(Records from a dataset)

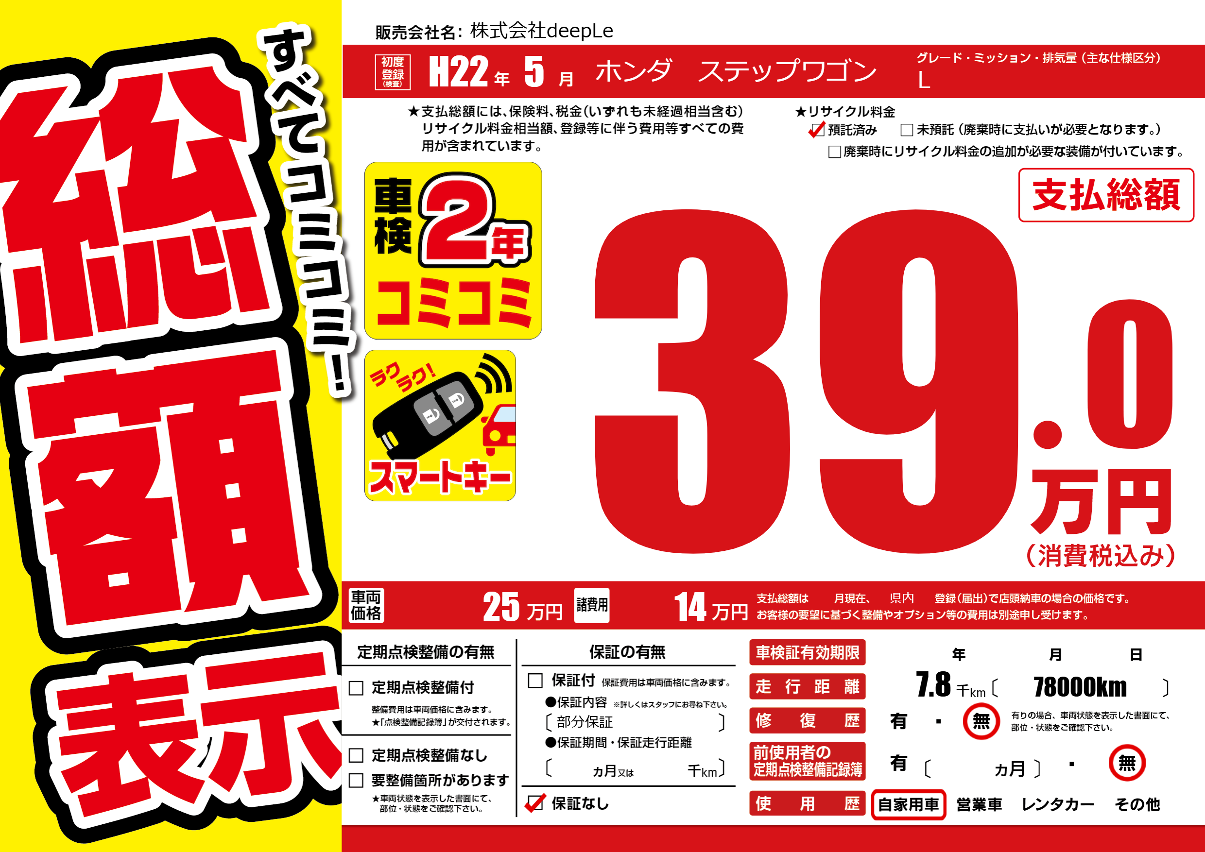 保証なし 保証内容(部分保証) ---ヶ月または()千kmまで |
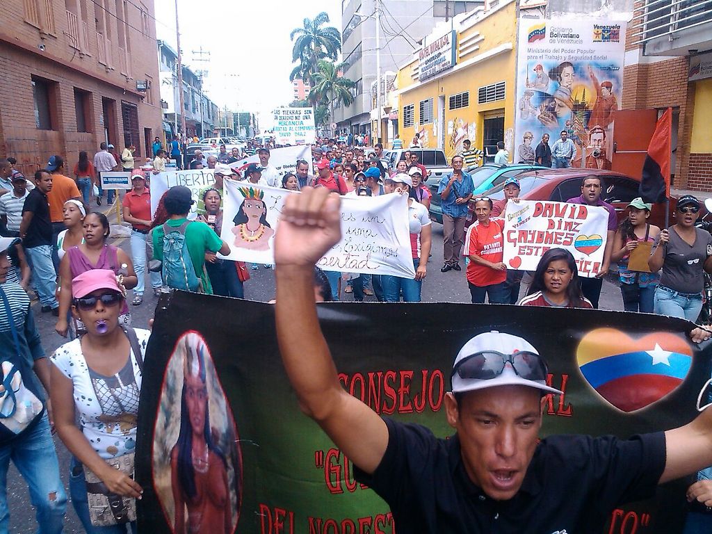 Lara 08 de Diciembre de 2014.- Comuneros y comuneras, organizaciones sociales, movimiento popular en general marcharon este Lunes desde la Defensoría del Pueblo hasta la plaza La Justicia para exigir la liberación de David Díaz, luchador social de la Comunidad Socialista Guerrera Ana Soto, ubicada al noreste de la ciudad de Barquisimeto, que fue privado de libertad en el estado Cojedes cuando se dirigía a un encuentro en Caracas con las Salas de Batalla.
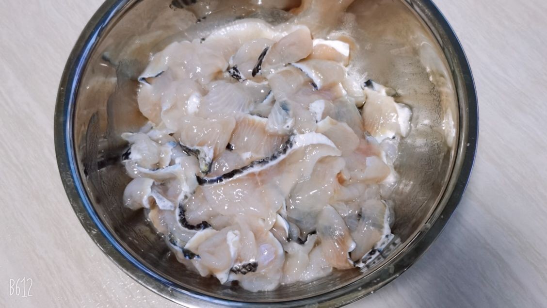 1,准备材料,新鲜的鱼片,使用的鱼类基本不受限制,我这次用的是黑鱼,去买鱼的时候,告诉商家要做酸菜鱼片,一般商家都会免费切片的。
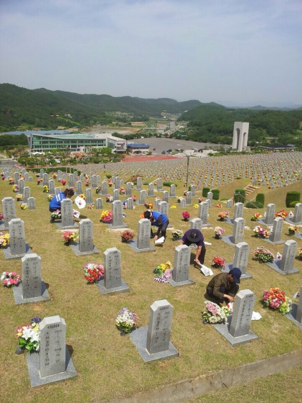 이날 행사는 현충탑 참배 후 월남참전군인 묘역과 6.25참전 묘역 등 3천여기의 묘역 내 비석을 닦고 태극기를 꽂았으며, 주변 쓰레기 줍기 등 묘역정화활동을 시행하며 호국영령의 숭고한 넋을 기렸다.
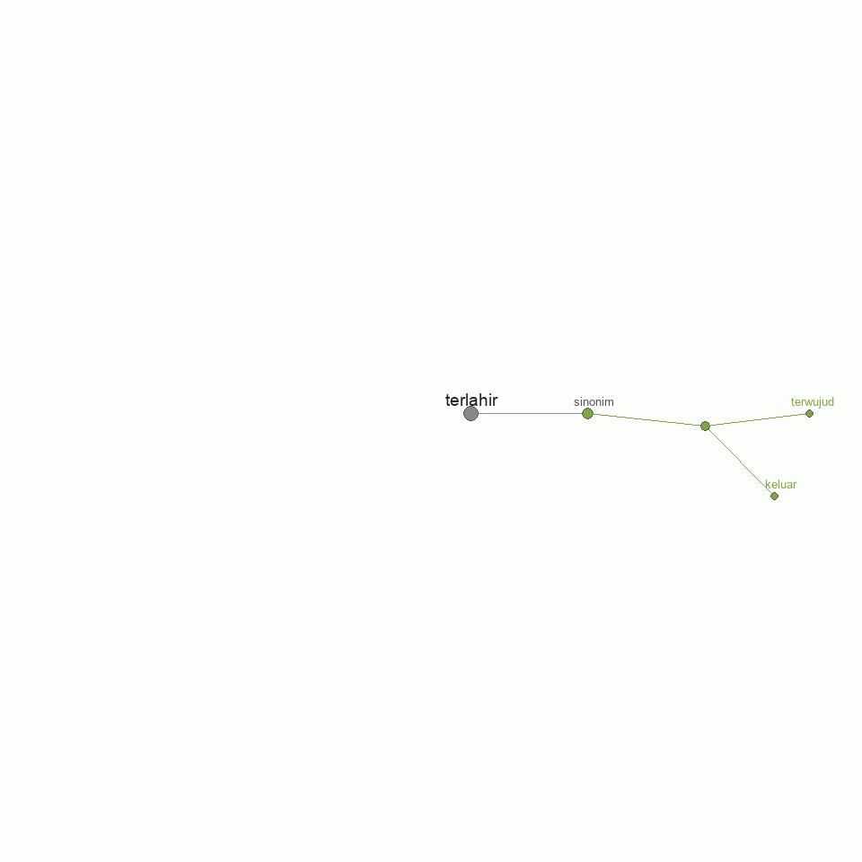 Sinonim kata dari terlahir: keluar, terwujud.

## Exercise instructions
In your copy, include no pictures, but reproduce all records exactly.

## Exercise result
 保証なし 保証内容(部分保証) ---ヶ月または()千kmまで |
 Lara 08 de Diciembre de 2014.- Comuneros y comuneras, organizaciones sociales, movimiento popular en general marcharon este Lunes desde la Defensoría del Pueblo hasta la plaza La Justicia para exigir la liberación de David Díaz, luchador social de la Comunidad Socialista Guerrera Ana Soto, ubicada al noreste de la ciudad de Barquisimeto, que fue privado de libertad en el estado Cojedes cuando se dirigía a un encuentro en Caracas con las Salas de Batalla.
 1,准备材料,新鲜的鱼片,使用的鱼类基本不受限制,我这次用的是黑鱼,去买鱼的时候,告诉商家要做酸菜鱼片,一般商家都会免费切片的。
 이날 행사는 현충탑 참배 후 월남참전군인 묘역과 6.25참전 묘역 등 3천여기의 묘역 내 비석을 닦고 태극기를 꽂았으며, 주변 쓰레기 줍기 등 묘역정화활동을 시행하며 호국영령의 숭고한 넋을 기렸다.
 Sinonim kata dari terlahir: keluar, terwujud.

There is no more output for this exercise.